● Work task
Please count the lines in the data below that hold the word "this", and give only the number.

● Information
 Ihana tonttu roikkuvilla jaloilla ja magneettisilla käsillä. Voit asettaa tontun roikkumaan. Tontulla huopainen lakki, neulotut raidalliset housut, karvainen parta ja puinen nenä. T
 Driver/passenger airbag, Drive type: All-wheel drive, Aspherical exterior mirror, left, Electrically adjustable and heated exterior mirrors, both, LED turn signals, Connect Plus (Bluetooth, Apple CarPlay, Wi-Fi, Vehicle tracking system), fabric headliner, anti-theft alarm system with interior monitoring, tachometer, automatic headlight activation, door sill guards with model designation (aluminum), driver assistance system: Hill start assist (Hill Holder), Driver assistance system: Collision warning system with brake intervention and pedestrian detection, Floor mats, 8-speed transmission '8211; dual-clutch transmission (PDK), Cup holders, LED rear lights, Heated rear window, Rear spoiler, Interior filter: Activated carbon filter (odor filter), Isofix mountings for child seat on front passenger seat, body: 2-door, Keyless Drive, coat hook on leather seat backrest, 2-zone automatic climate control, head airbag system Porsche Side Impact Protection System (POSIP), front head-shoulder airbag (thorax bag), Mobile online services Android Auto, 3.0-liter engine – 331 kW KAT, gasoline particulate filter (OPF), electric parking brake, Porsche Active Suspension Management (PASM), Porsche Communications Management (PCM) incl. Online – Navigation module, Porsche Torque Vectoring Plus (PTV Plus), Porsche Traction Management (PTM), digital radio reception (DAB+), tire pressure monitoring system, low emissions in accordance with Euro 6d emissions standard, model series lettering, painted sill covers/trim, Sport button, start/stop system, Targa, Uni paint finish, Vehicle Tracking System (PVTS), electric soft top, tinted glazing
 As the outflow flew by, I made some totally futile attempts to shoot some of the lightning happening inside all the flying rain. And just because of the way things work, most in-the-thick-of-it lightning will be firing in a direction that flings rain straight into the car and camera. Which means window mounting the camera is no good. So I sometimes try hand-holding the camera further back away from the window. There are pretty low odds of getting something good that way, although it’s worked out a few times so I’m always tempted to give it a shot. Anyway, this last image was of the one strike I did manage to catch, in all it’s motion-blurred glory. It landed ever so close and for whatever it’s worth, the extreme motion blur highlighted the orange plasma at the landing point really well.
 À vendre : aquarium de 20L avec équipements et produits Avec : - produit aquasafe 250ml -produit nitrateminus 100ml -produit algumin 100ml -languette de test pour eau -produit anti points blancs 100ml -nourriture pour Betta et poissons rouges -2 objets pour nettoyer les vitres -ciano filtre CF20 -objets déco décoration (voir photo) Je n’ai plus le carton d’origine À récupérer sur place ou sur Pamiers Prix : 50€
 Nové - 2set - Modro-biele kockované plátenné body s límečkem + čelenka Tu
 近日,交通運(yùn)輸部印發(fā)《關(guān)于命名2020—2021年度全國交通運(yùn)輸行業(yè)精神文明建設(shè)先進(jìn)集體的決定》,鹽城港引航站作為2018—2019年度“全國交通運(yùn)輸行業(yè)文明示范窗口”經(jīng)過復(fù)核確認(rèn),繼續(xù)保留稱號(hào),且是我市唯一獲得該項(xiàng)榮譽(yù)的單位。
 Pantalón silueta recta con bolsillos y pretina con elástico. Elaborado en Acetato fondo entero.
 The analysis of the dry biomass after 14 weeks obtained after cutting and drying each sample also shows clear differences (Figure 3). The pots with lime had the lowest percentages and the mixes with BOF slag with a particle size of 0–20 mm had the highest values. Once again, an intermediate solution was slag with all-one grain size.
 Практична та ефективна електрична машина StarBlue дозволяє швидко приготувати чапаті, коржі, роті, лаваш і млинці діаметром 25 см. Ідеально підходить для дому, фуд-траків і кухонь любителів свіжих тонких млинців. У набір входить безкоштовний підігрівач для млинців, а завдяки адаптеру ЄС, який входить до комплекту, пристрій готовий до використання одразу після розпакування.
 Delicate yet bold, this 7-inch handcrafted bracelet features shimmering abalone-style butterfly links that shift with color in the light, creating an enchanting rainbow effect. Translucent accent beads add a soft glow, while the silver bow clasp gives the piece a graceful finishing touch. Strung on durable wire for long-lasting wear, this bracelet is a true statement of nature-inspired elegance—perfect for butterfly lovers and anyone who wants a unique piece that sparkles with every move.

● Solution
2